British PM Theresa May apologises to own MPs for 'election mess'

Cameron, gambling that Britons wouldn't want to sever their network of ties with the continent, had promised the Brexit referendum during a 2015 election campaign that gave Conservatives a surprise Parliamentary majority.

The surprising outcome, which sent the pound tumbling, forced May to form a minority government, leaving her reliant on a small group of Northern Irish parliamentarians, just nine days before Britain is due to begin negotiating a deal to leave the EU.

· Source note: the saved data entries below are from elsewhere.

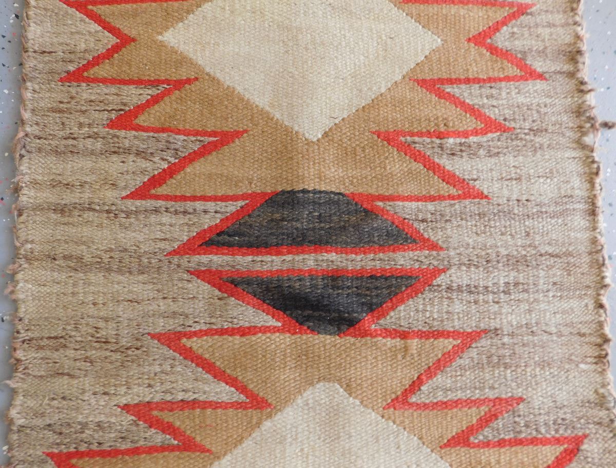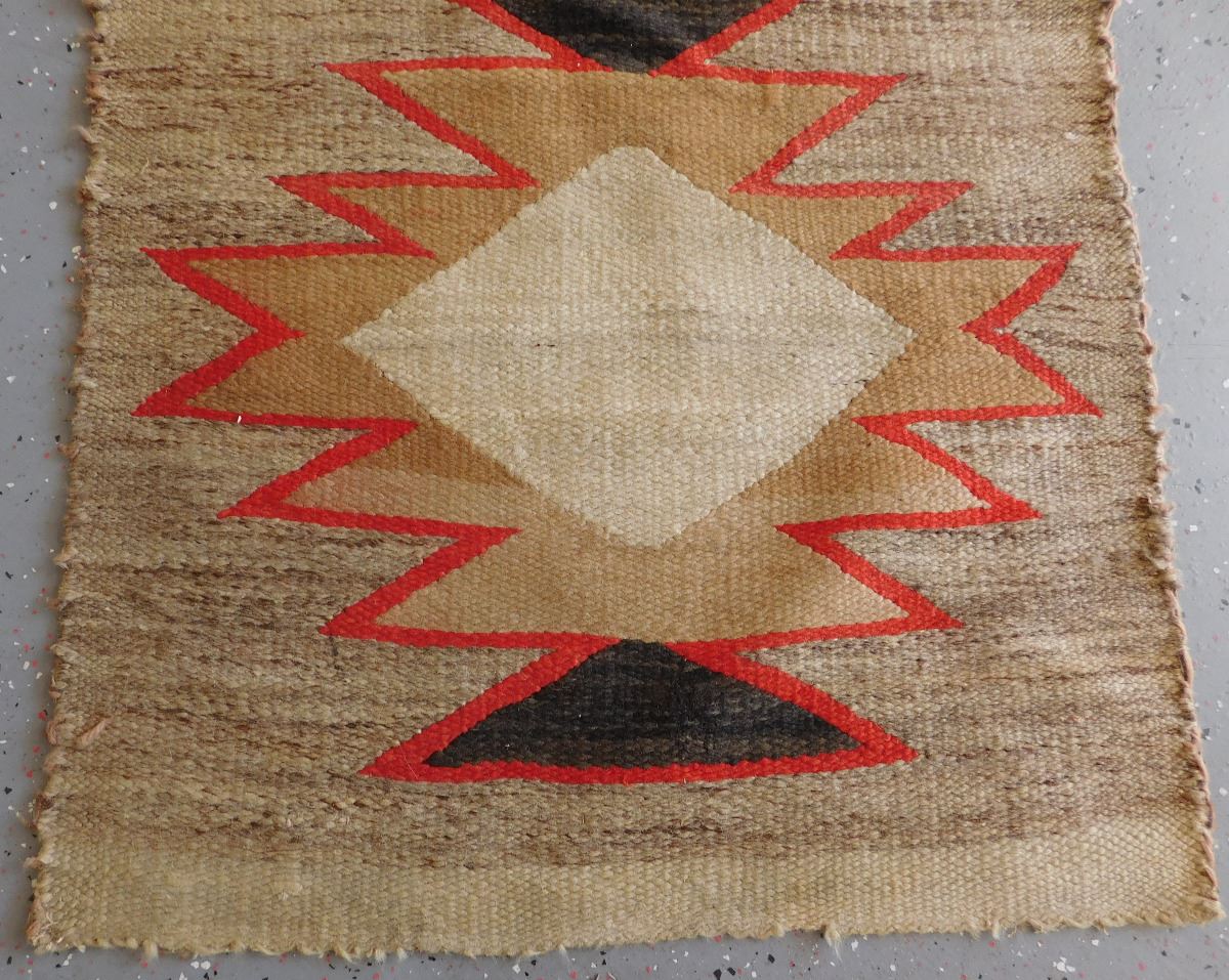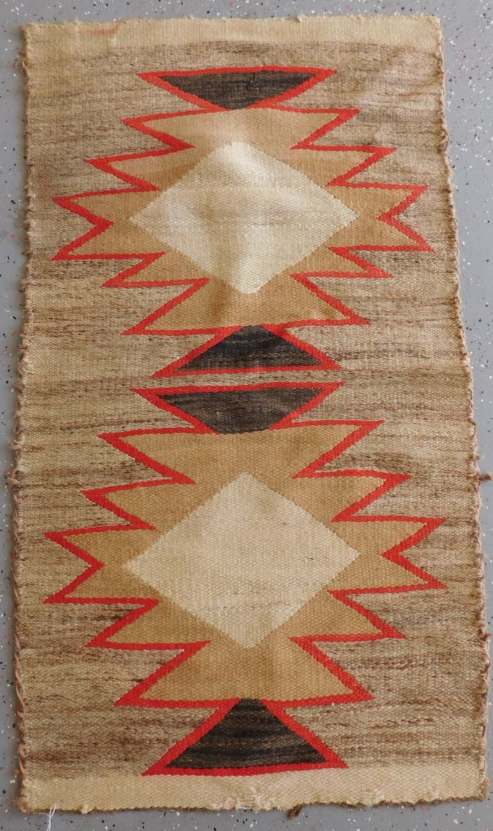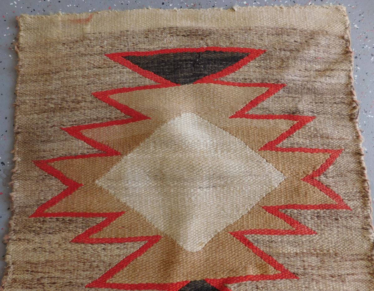Navajo Weaving, circa 1920s. Made of wool and dye, this item measures 40" x 24". From Arizona. Early crystal rug. Condition: Needs cleaning, see images. Shipping: $30.00.
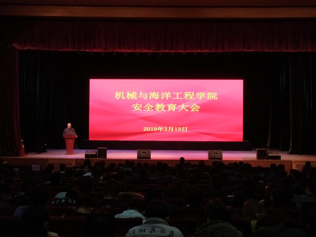 为贯彻全校安全工作会议精神及要求,增强老员工的安全防范意识,3月13日18:30,机械与海洋工程公司在大礼堂召开安全教育大会。公司党委书记毛纪登、员工处副处长张志浩、辅导员以及全院员工参加会议,会议由公司党委副书记赵求勇主持。
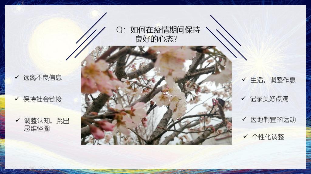 本次班会由四个部分组成,通过“战疫”、“特殊时段里的热爱”、“生活”、“平静日子里的热爱”四个主题突出重点。首先心理健康委员对抗击疫情的三个阶段进行总结,回溯了共渡疫情的艰难时光,并体现出中国控制疫情的“责任”、“守序”、“热爱”三大优势,同学们不由得赞叹中国政府的高执行力、高效率。

Downing Street has insisted that Thursday's general election - which Theresa May had hoped would strengthen her mandate for negotiations but ended up creating a hung Parliament - will not change the approach to Brexit it set out previous year.

Liberal Democrats leader Tim Farron says May “should be ashamed” for calling a snap election and joined calls for her to resign. Johnson - a former Tory leadership contender - denied he was planning a leadership challenge.

There are 650 seats in the British House of Commons, whichever party that wins the majority of seats gets to choose the Prime Minister. Labour's increase in seats from 229 to 261 - with one seat still undecided - confounded expectations that his left-wing views made him electorally toxic. May said after the latest attacks that there was "far too much tolerance" for extremism in British society. But few believe she can hang on for more than a few months.

"I think her position is, in the long term, untenable", Conservative lawmaker Anna Soubry told Sky News.

The result calls into question May's future as leader of the party, and the country.

Voters may have been unimpressed with her refrain that "no deal is better than a bad deal" because it raised the prospect of Britain crashing out of the EU without a trade-and-immigration system to replace the existing, well-integrated procedures that have evolved over decades of European integration.

May told the British electorate that the election was about strengthening Britain's hand in the tense Brexit negotiations.

"The Tory civil war on the European Union which has ripped it apart since the Maastricht rebellions of the early 1990s, and which the referendum was supposed to solve, is now raging again", said Chris Grey, an academic who specialises in Brexit at Royal Holloway in London. And if the parties can't sync up to form a majority government, there might even be a whole new election.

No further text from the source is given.